§ **SOURCE DATA**:
::::::

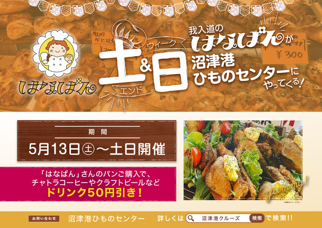浜友グループの株式会社千鳥観光汽船(本社:静岡県沼津市、代表取締役:後藤武彦)が運営する、ちどり沼津港ひものセンターは、長時間発酵のフランスパンが人気のパン屋『はなぱん』(所在地:静岡県沼津市)のパンを、2023年5月13日(土)より、毎週土日限定で販売いたします。
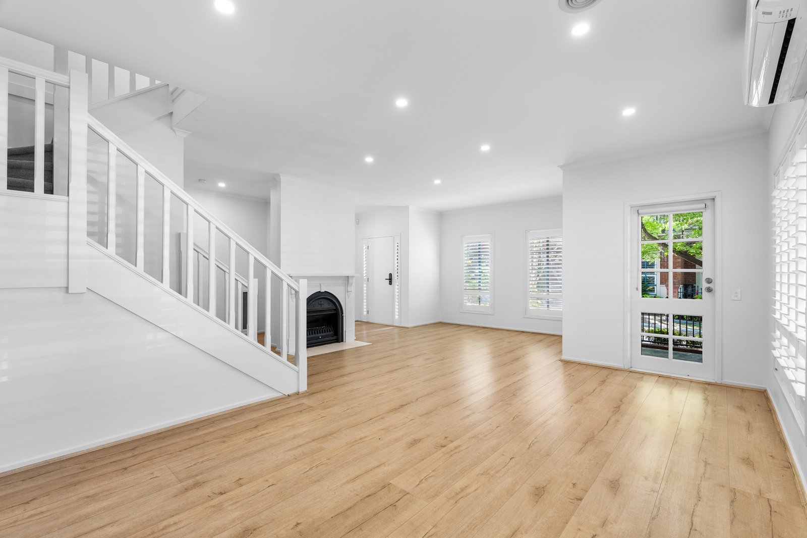 The generous ground floor unfolds into a bright and expansive living room with access to a private front patio, perfect for entertaining or quiet relaxation. A separate dining area adjoins the modern kitchen, which is equipped with quality appliances, ample bench space, and pantry storage, while a second patio sits at the rear beside the laundry.
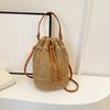 Women Woven Handmade Shoulder Bag Sumple Straw Bucket Bag Drawstring Crossbody Bag Rattan Beach Bag for Gilrs

::::::

§ **WHAT YOU ARE ASKED TO DO**: Each line above is to be duplicated exactly, and the pictures are to be omitted.

§ **ANSWER TO THIS TASK**:
浜友グループの株式会社千鳥観光汽船(本社:静岡県沼津市、代表取締役:後藤武彦)が運営する、ちどり沼津港ひものセンターは、長時間発酵のフランスパンが人気のパン屋『はなぱん』(所在地:静岡県沼津市)のパンを、2023年5月13日(土)より、毎週土日限定で販売いたします。
 The generous ground floor unfolds into a bright and expansive living room with access to a private front patio, perfect for entertaining or quiet relaxation. A separate dining area adjoins the modern kitchen, which is equipped with quality appliances, ample bench space, and pantry storage, while a second patio sits at the rear beside the laundry.
 Women Woven Handmade Shoulder Bag Sumple Straw Bucket Bag Drawstring Crossbody Bag Rattan Beach Bag for Gilrs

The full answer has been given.